<<<<

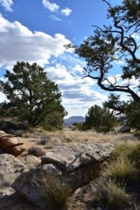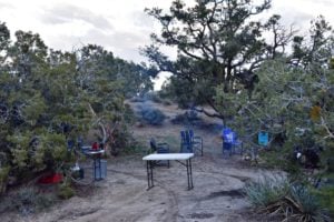 I took another drive around the loop and Bill took another drive around the loop, but we couldn’t find the porthole to the sweet spot, so we wished we could find a great spot without neighbors, with a great view, down an accessible road, with plenty of room, and off we went. Bill stayed behind to keep our space and Tom and I left the campground and headed down Wild Horse Canyon Road in search of options. We hadn’t gone a mile when the truck turned right and up a descent little track we went. We turned left and rose up a steep pitch to arrive at our spot. It was just as we had wished.
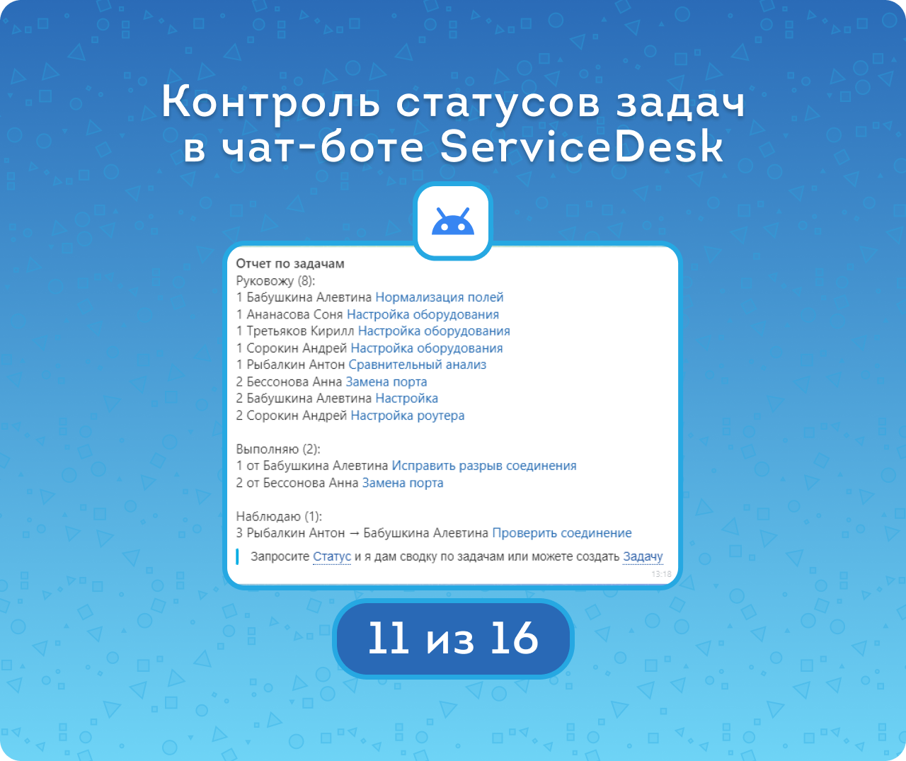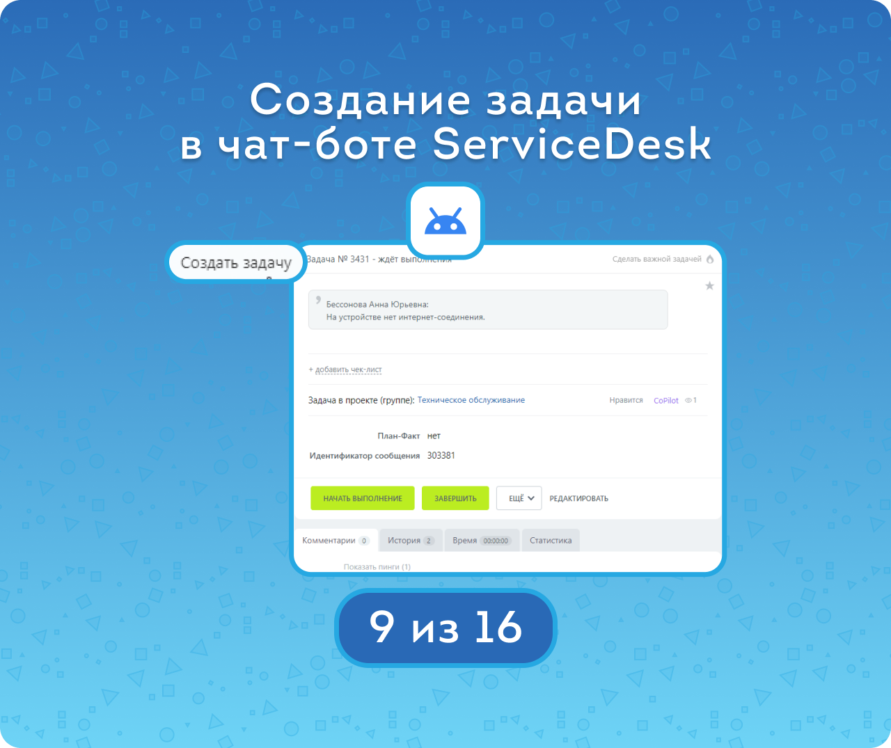 В чат-боте можно создать новую задачу или отследить статус уже поставленных задач, используя соответствующие команды.
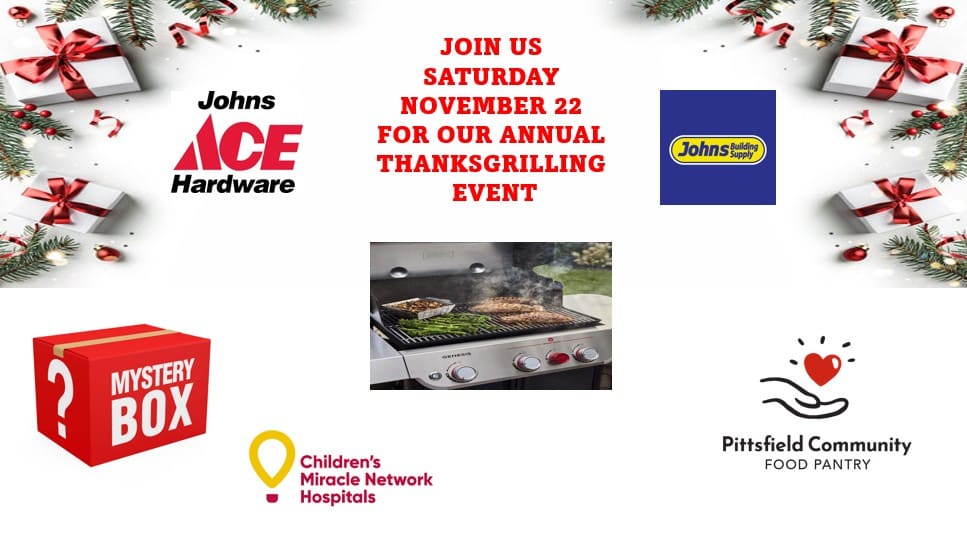 Join us Saturday November 22nd for our Annual Thanksgrilling Event. We will have grilling demos from 11AM-2PM with lots of ideas for you. And it is our First Mystery Box Sale also. Buy a mystery box and who knows what great deals you will find inside. A portion of the proceeds for our Mystery Boxes will be going to the Children's Miracle Network. We will also be heading up a Food Drive to benefit the Pittsfield Community Food Pantry. Looking forward to seeing you here.

>>>>

## Work item
Copy every line above exactly; images stay out.

## Solution for this task
 I took another drive around the loop and Bill took another drive around the loop, but we couldn’t find the porthole to the sweet spot, so we wished we could find a great spot without neighbors, with a great view, down an accessible road, with plenty of room, and off we went. Bill stayed behind to keep our space and Tom and I left the campground and headed down Wild Horse Canyon Road in search of options. We hadn’t gone a mile when the truck turned right and up a descent little track we went. We turned left and rose up a steep pitch to arrive at our spot. It was just as we had wished.
 В чат-боте можно создать новую задачу или отследить статус уже поставленных задач, используя соответствующие команды.
 Join us Saturday November 22nd for our Annual Thanksgrilling Event. We will have grilling demos from 11AM-2PM with lots of ideas for you. And it is our First Mystery Box Sale also. Buy a mystery box and who knows what great deals you will find inside. A portion of the proceeds for our Mystery Boxes will be going to the Children's Miracle Network. We will also be heading up a Food Drive to benefit the Pittsfield Community Food Pantry. Looking forward to seeing you here.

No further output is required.